[[ Extracted material, beginning ]]

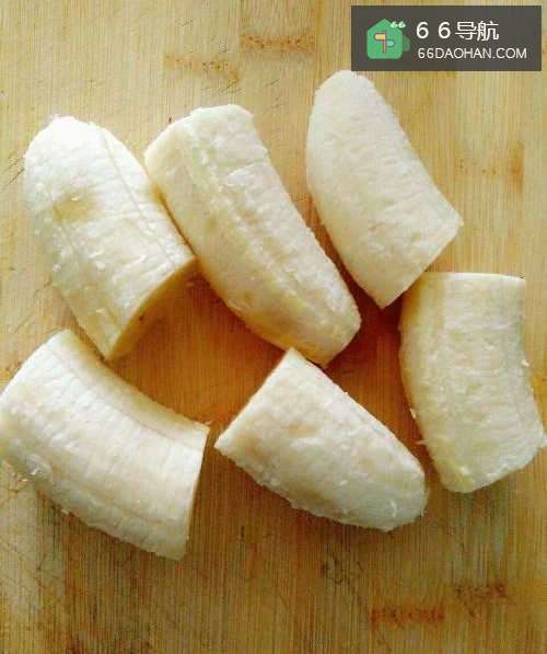 2接着把香蕉剥皮,用刀切成小段,一般一根香蕉切成三段较为合适
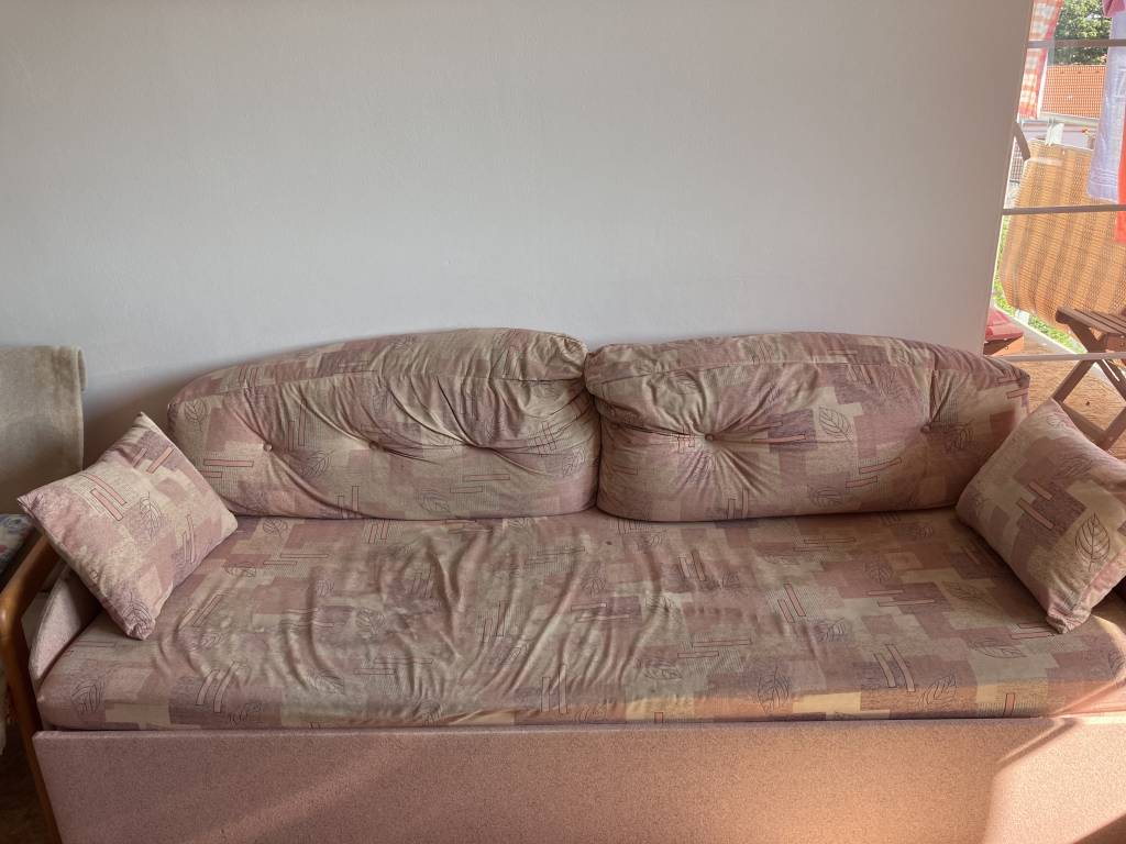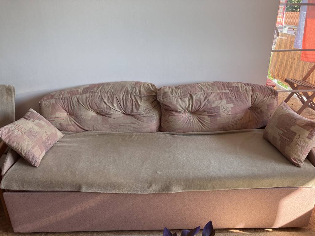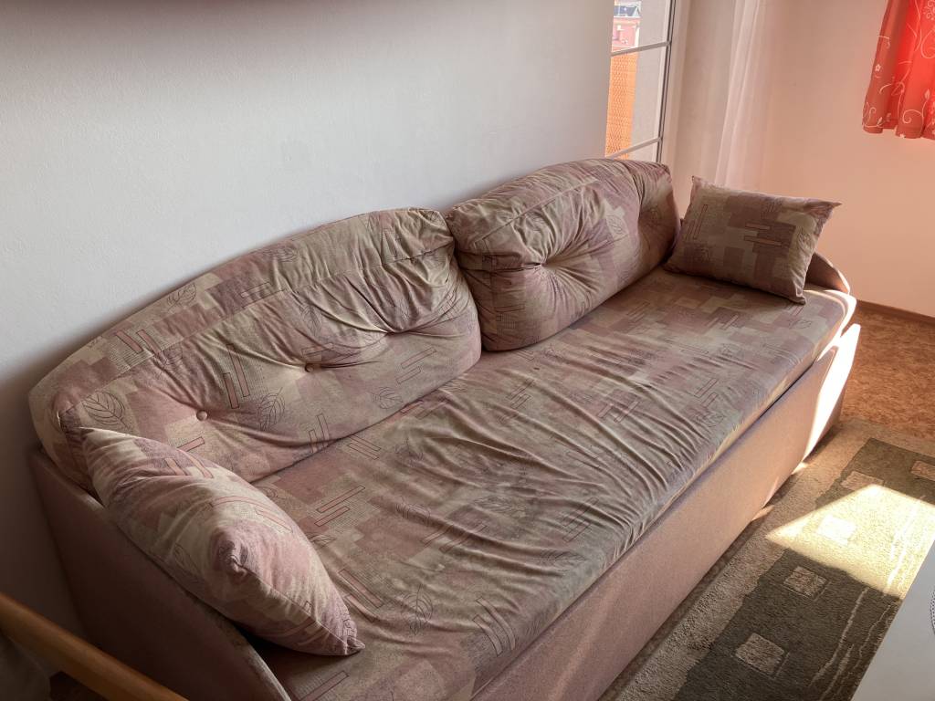 Daruji za odvoz rozkládací pohovku s úložným prostorem. Rozměry 200x90cm. Používána. Nedostatky lze zakrýt přehozem. Vhodná na chalupu. Nutný vlastní odvoz a snesení ze 4.patra bez výtahu.
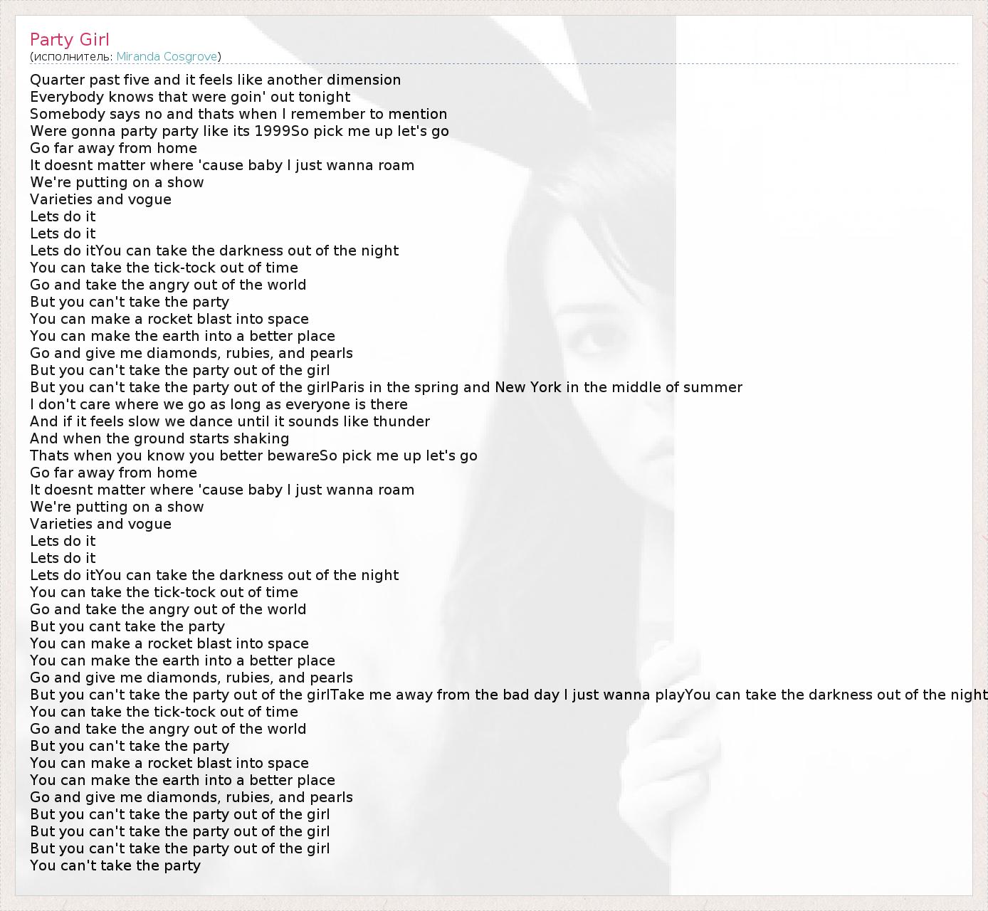 But you can't take the party out of the girlTake me away from the bad day I just wanna playYou can take the darkness out of the night
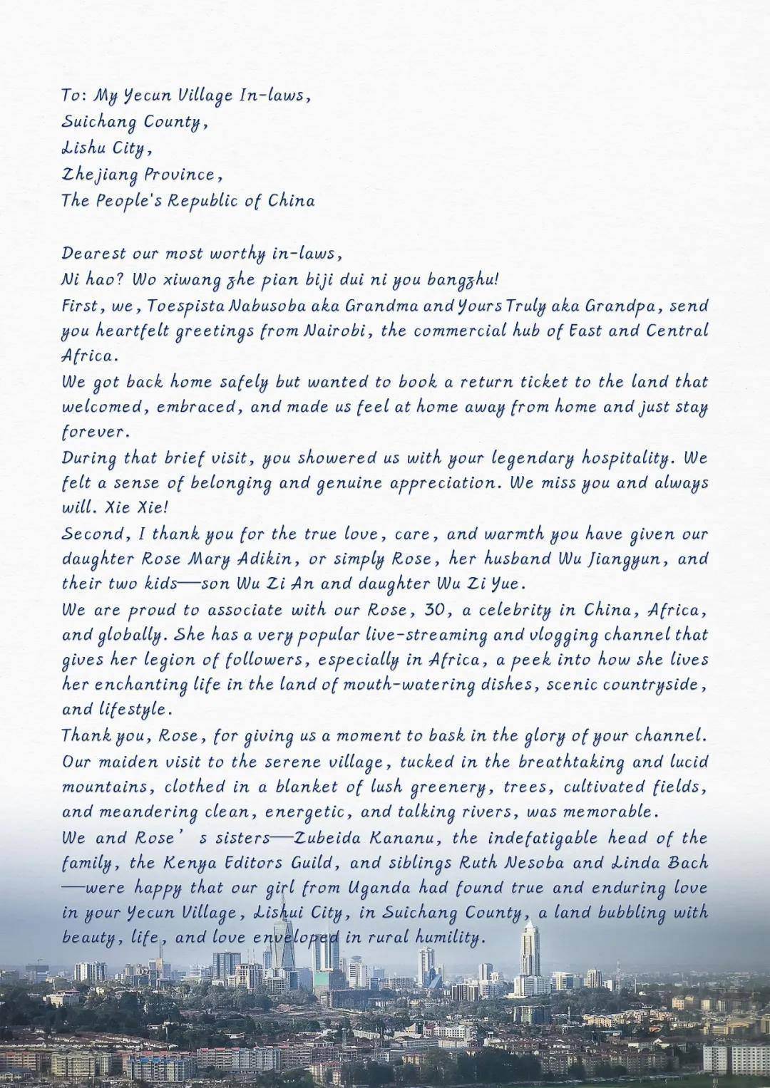 "We were happy that our girl from Uganda had found true and enduring love in your Yecun village, a land bubbling with beauty, life, and love enveloped in rural humility," said Bosire in his letter.
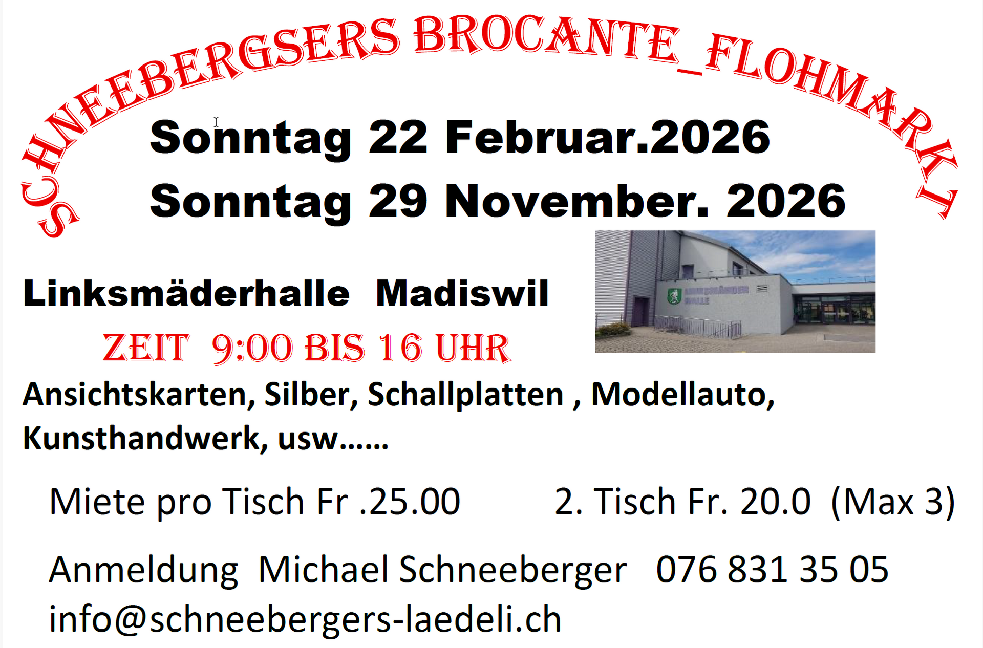 Platzbuchung telefonisch jeweils am Dienstag vor dem Flohmarkt 10.00 - 14.00 Uhr
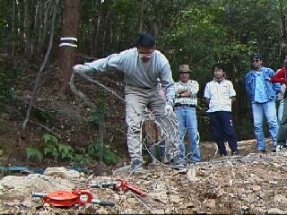 やっとワイヤーがほどけたところでメインアンカーの滑車にワイヤーをセット。

[[ Extracted material, end ]]

Work instruction:
Repeat the entries exactly as they are given, leaving out each image.

Reply:
 2接着把香蕉剥皮,用刀切成小段,一般一根香蕉切成三段较为合适
 Daruji za odvoz rozkládací pohovku s úložným prostorem. Rozměry 200x90cm. Používána. Nedostatky lze zakrýt přehozem. Vhodná na chalupu. Nutný vlastní odvoz a snesení ze 4.patra bez výtahu.
 But you can't take the party out of the girlTake me away from the bad day I just wanna playYou can take the darkness out of the night
 "We were happy that our girl from Uganda had found true and enduring love in your Yecun village, a land bubbling with beauty, life, and love enveloped in rural humility," said Bosire in his letter.
 Platzbuchung telefonisch jeweils am Dienstag vor dem Flohmarkt 10.00 - 14.00 Uhr
 やっとワイヤーがほどけたところでメインアンカーの滑車にワイヤーをセット。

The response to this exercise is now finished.